Tencent’s freemium model sets it apart, and still has room to grow
How can a software company combat the threat of internet piracy? One strategy – which Chinese mobile gaming giant Tencent has used to great effect – is to give them away for free. After all, you can’t steal something that’s free. This obviously raises the question of where revenues come from, and the answer is in-game purchases. In Tencent’s world, the game is free – but the add-ons (like extra levels, equipment, and functionality) comes at a cost. This business model, which is shaking up the video game industry, is called ‘freemium’.
The best example of Freemium’s potential might come from Tencent’s “Honour of Kings”, which is widely believed to be the world’s top-earning smartphone game. This game is free, but players have the option to use real money to buy virtual items within it.
Tencent has pioneered this shift, which moves away from the traditional ‘one-time-purchase’ of video games that we’re all familiar with, and into a subscription model.
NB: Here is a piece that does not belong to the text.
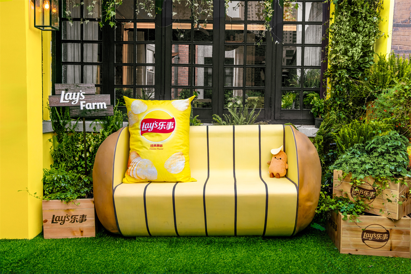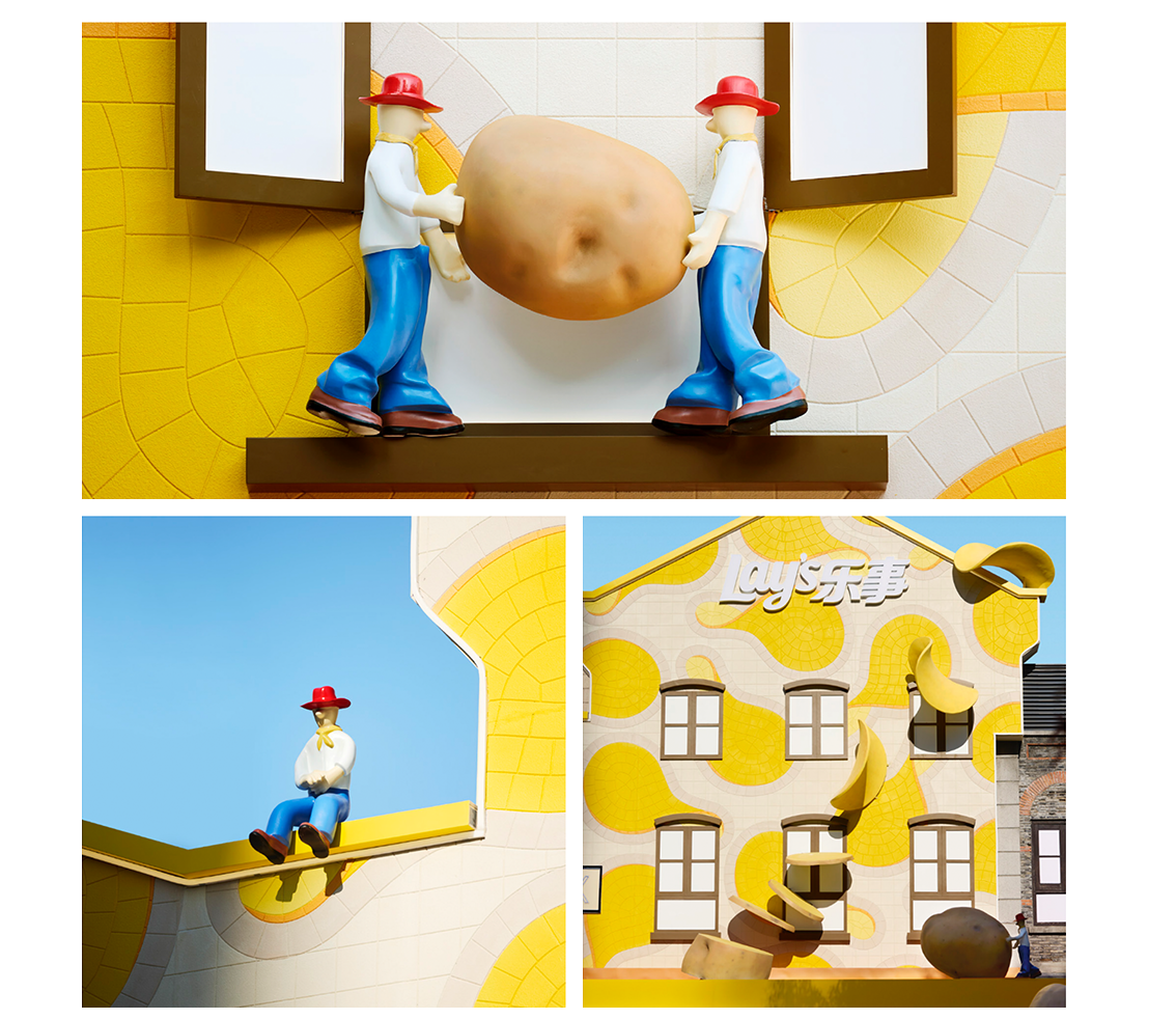 这份先锋美学巧思,更以跨界共创的形态渗透进空间各处。乐事携手时尚设计师品牌8ON8,共同打造极具动态张力的艺术装置:餐厅外立面上,趣味鲜活的小人形象,生动演绎着从土豆到薯片的奇妙转变。他们或搬运土豆或惬意休憩,仿佛为这场土豆盛宴奏响欢快序曲,自然引领食客开启美味探索之旅。

It’s becoming popular in the west too, as Electronic Arts transition to digital sales has contributed to impressive revenue growth in most recent quarter.
In Tencent’s case, the video games in question are on mobile platforms. This has let it tap into the huge growth of ‘casual gamers’ – people who, perhaps, don’t play traditional video games on a laptop or console, but spend their hours commuting tapping away on a free game from the app store.
In the first quarter of the year, Tencent’s revenue from smartphone games rose by over 50% to $2 billion dollars. But the worldwide video game industry is worth $100 billion, and Tencent has plenty of room to grow outside of China. Can China’s premier smartphone game provider become worldwide top dog?
Dominion holds Tencent in its Global Trends Ecommerce Fund.